▶ **Work order**
The data below holds a line containing "Smiling Shark High-Light" and a line containing "FRAME Gillian Puff"; please quote exactly those two lines and every line between them, and nothing else.

▶ **Task input**
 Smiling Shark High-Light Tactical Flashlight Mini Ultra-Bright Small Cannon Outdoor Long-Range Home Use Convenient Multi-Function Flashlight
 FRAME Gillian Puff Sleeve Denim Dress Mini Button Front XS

...

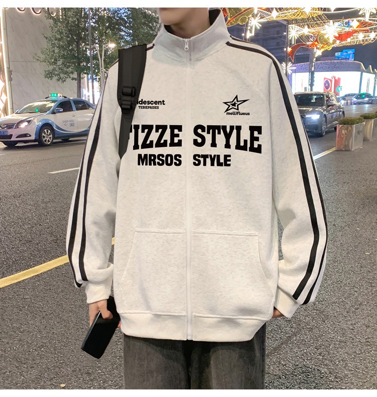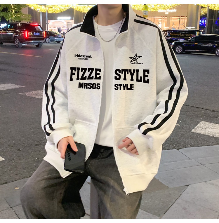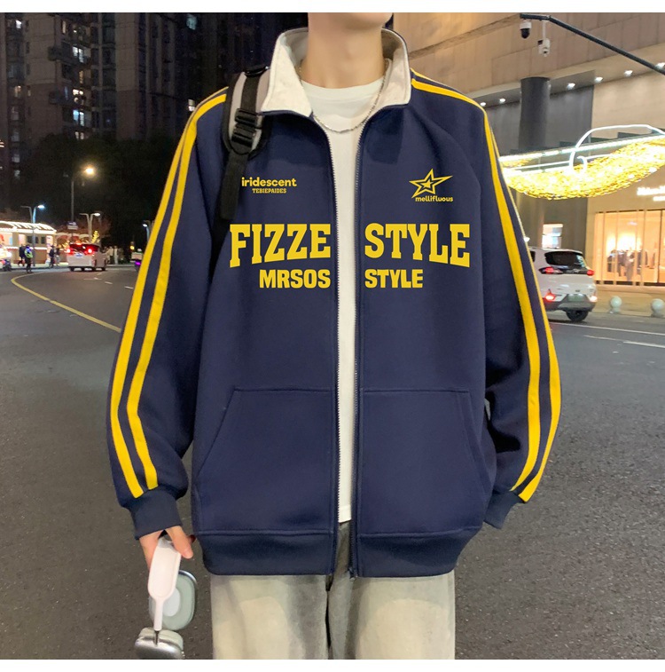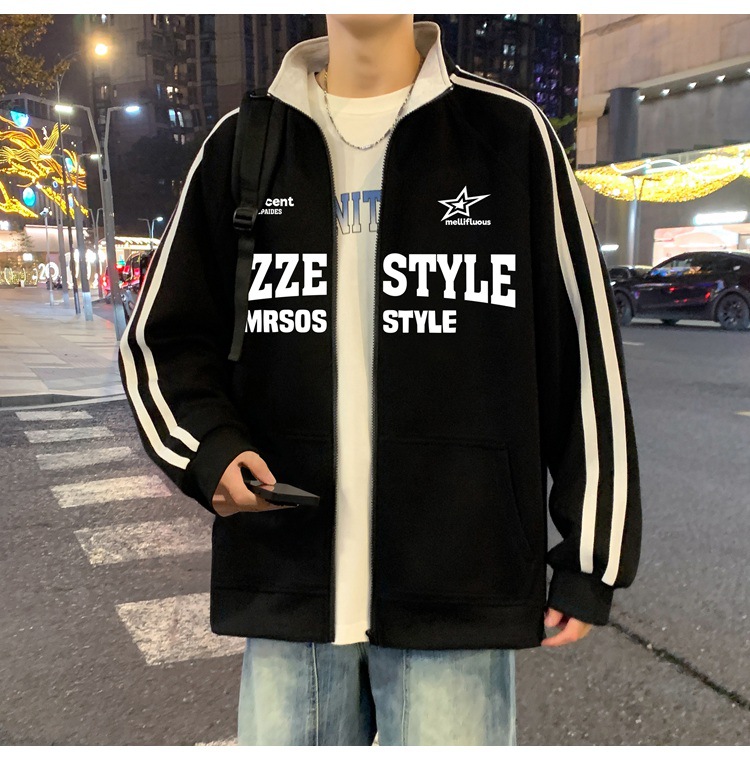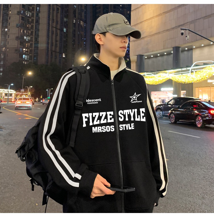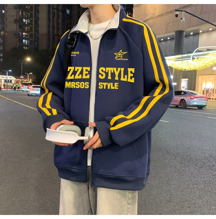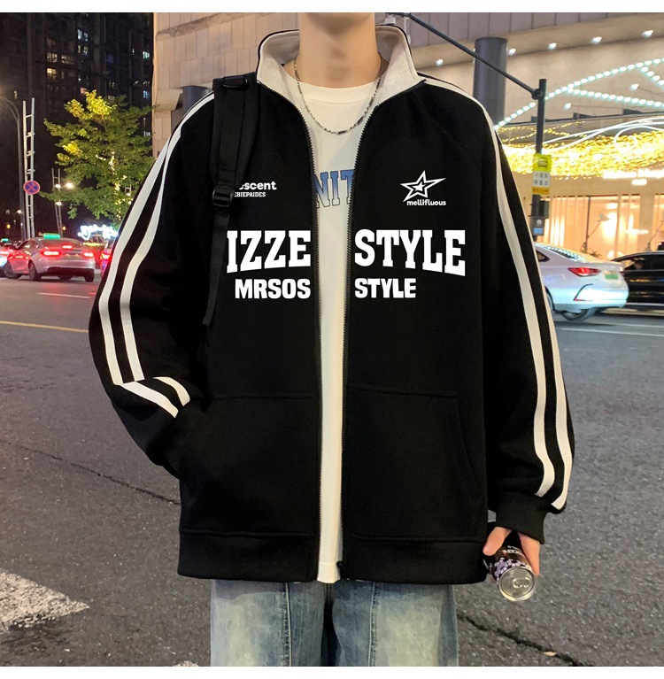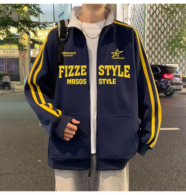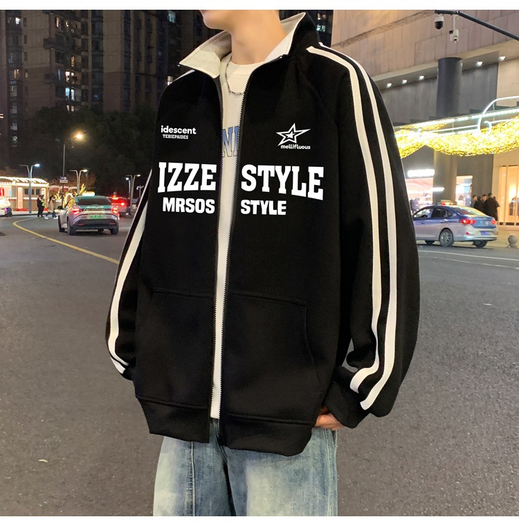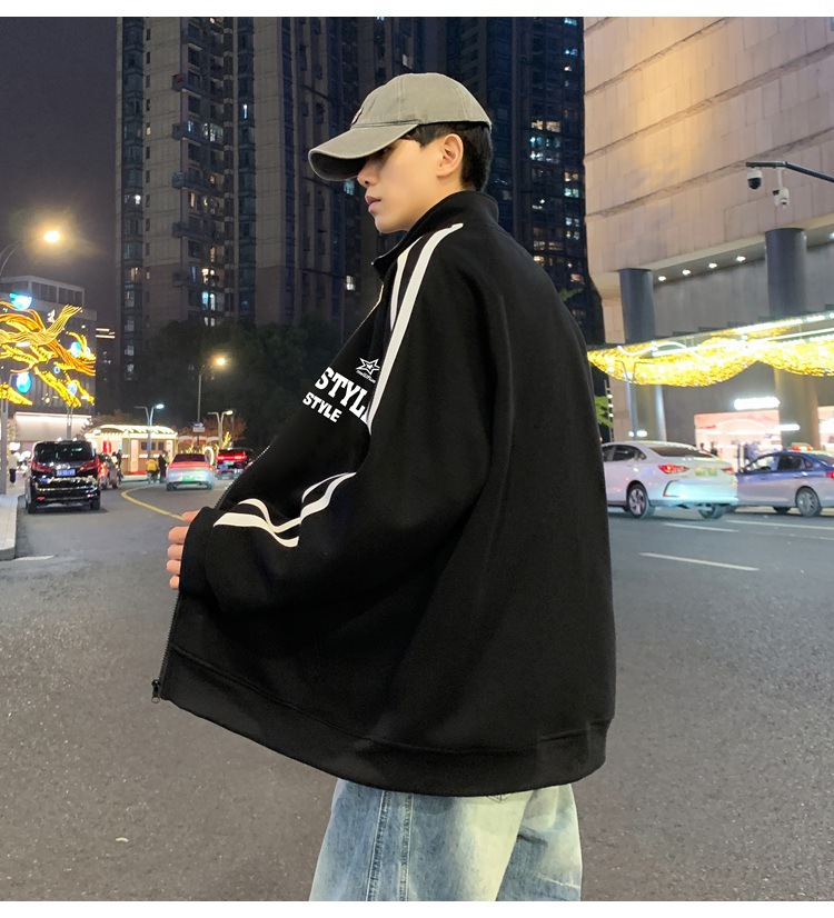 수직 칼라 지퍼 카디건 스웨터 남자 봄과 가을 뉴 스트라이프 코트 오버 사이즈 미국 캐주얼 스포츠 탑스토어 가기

▶ **Task answer**
 Smiling Shark High-Light Tactical Flashlight Mini Ultra-Bright Small Cannon Outdoor Long-Range Home Use Convenient Multi-Function Flashlight
 FRAME Gillian Puff Sleeve Denim Dress Mini Button Front XS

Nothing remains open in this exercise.